Implementation and functionalities

Overall specification

More precisely, it provides a unique Traits class listing types and static methods, that is definable for any data structure that could represent a the conformation. In this way, any data structure that could fit the concept of a conformation can be used by simply implementing this unique Traits class for this target data structure.


A model of a conformation can virtually be any type, yet, it has to provide a number of operations.
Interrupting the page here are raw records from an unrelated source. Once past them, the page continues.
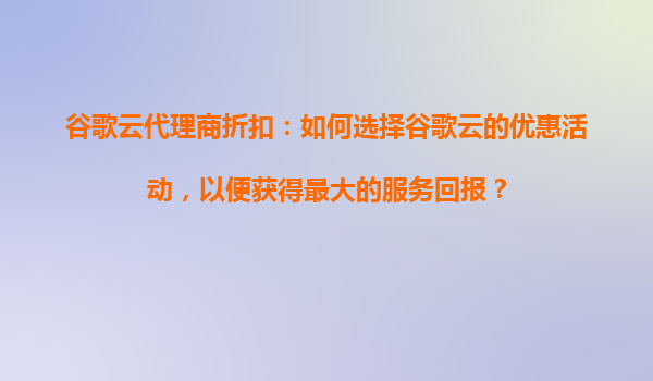 2025-09-16谷歌云代理商折扣:如何選擇谷歌云的優(yōu)惠活動(dòng),以便獲得最大的服務(wù)回報(bào)? 1.谷歌云的核心優(yōu)勢(shì)概覽 在選擇谷歌云(GoogleCloud)的優(yōu)惠活動(dòng)前,了解其核心優(yōu)勢(shì)是至關(guān)重要的。谷歌云作為全球領(lǐng)先的云計(jì)算...
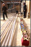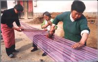 牽機就是一道非常重要的工序,將纏好的線錠按照一定的順序擺在地上,然后一根根地將線牽引、編整在一起,這道工序直接決定著所要織成布的長短、寬窄和花色。兩個錠架相隔約10米,按照所要織成布的寬窄不同,人要在兩個錠架之間來回纏繞幾百根棉線,忙活一天下來,足足要走幾十里地,這可不是個輕快活。
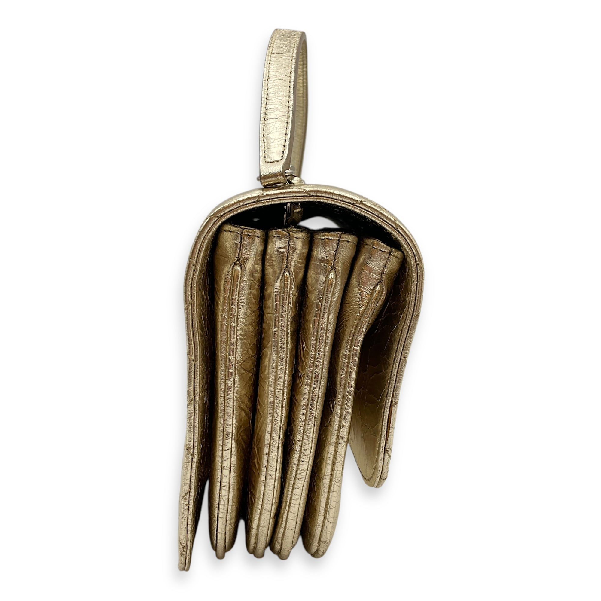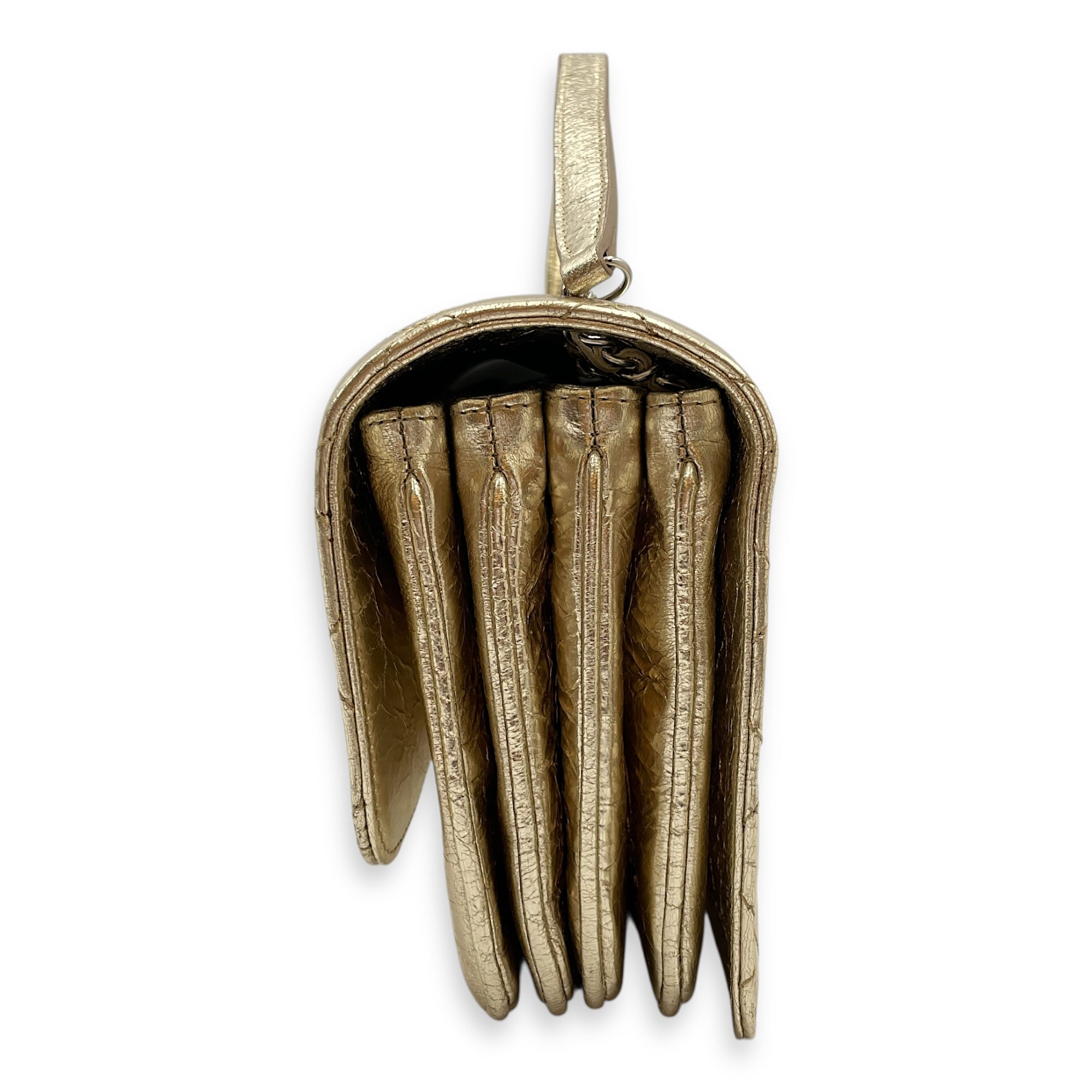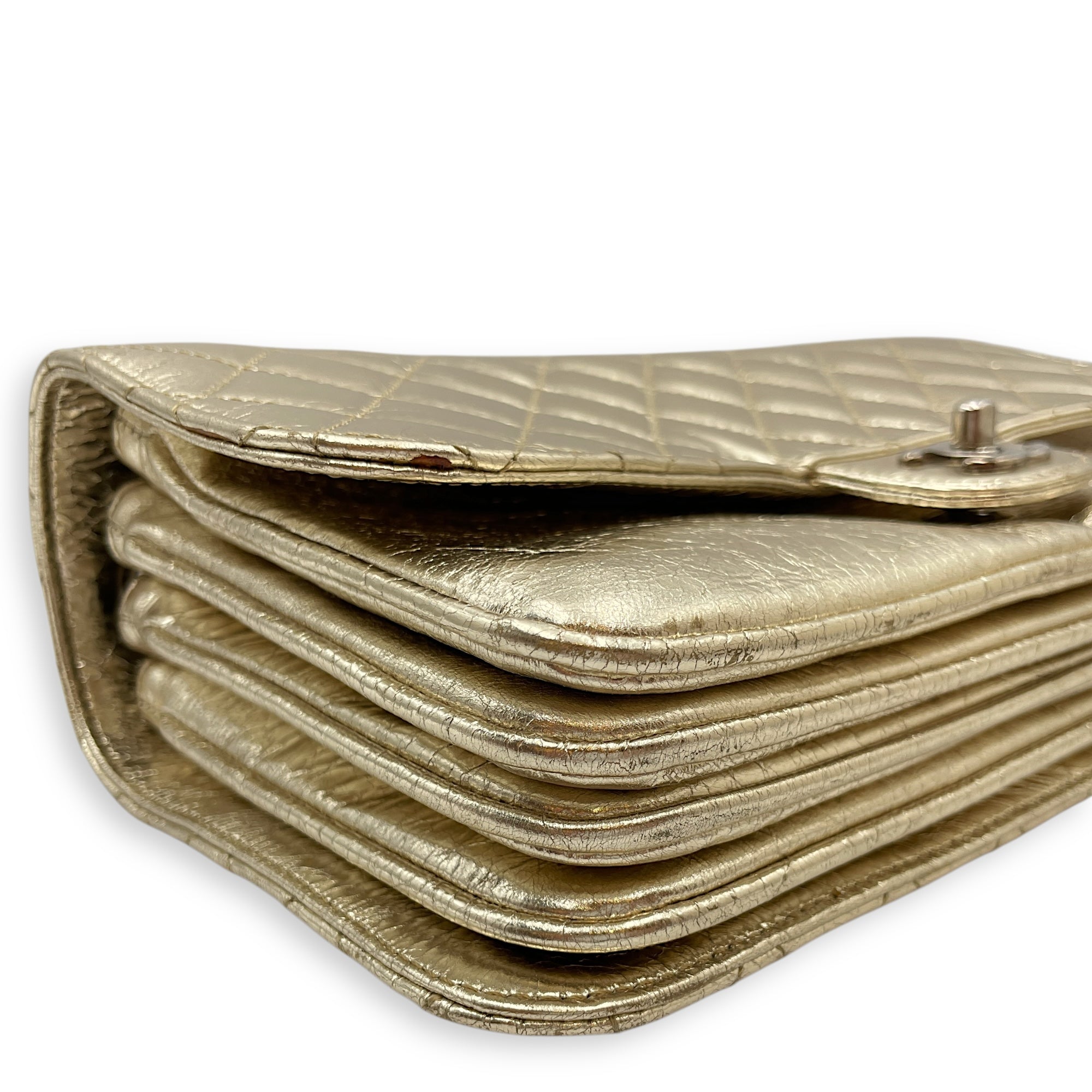 Crinkled Gold Flap Bag in Distressed Leather, Gold hardware
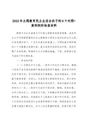 2023年主题教育民主生活会班子的6个对照+案例剖析检查材料.docx

In practice, this compliance is achieved via Partial Template Specialization , applied to the class SBL::CSB::T_Conformation_traits< Conformation > .

The types and operations that must be provided are:

  • FT representing the number type used for the coordinates,
  • Conformation representing the conformation itself,
  • Coordinates_const_iterator, an iterator over the coordinates,
  • dimension(C) returning the number of coordinates of C,
  • begin(C) returning the first iterator over C,
  • end(C) returning the last iterator over C,
  • at(C, i) returning ith coordinate of C,
  • build(dim, begin, end, C) builds the conformation C of dimension dim and coordinates defined in the range (begin, end),
  • build(C, c) builds the conformation c from the conformation C.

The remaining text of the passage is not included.